Implementing a Health Check Endpoint
The health check endpoint, typically exposed on a dedicated port (e.g., 8080), should return a 200 OK status for healthy states and a non-2xx status code (e.g., 503 Service Unavailable) for unhealthy states. The response body can contain detailed JSON diagnostics.
Example C++ Health Check Logic
This snippet demonstrates a basic health check within a C++ application.
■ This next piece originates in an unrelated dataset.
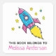 Pegatina Cuadrada Niña Divertida Cohete 'Este Libro Pertenece' y Nom

It assumes you have a MySQLConnectionPool class with a ping() method that verifies connectivity.
#include <iostream>
#include <string>
#include <httplib.h> // Assuming cpp-httplib is used
#include <nlohmann/json.hpp> // For JSON serialization
// Forward declaration of your MySQL connection pool
class MySQLConnectionPool;
// Assume this is initialized elsewhere and holds the connection pool
extern MySQLConnectionPool g_mysql_pool;
// Function to perform comprehensive health checks
std::string perform_health_check() {
nlohmann::json status;
status["application_status"] = "ok";
status["dependencies"] = nlohmann::json::object();
// Check MySQL connection pool
try {
if (g_mysql_pool.ping()) {
status["dependencies"]["mysql"] = "ok";
} else {
status["application_status"] = "degraded";
status["dependencies"]["mysql"] = "unreachable";
}
} catch (const std::exception& e) {
status["application_status"] = "degraded";
status["dependencies"]["mysql"] = "error: " + std::string(e.what());
}
// Add other dependency checks here (e.g., Redis, external services)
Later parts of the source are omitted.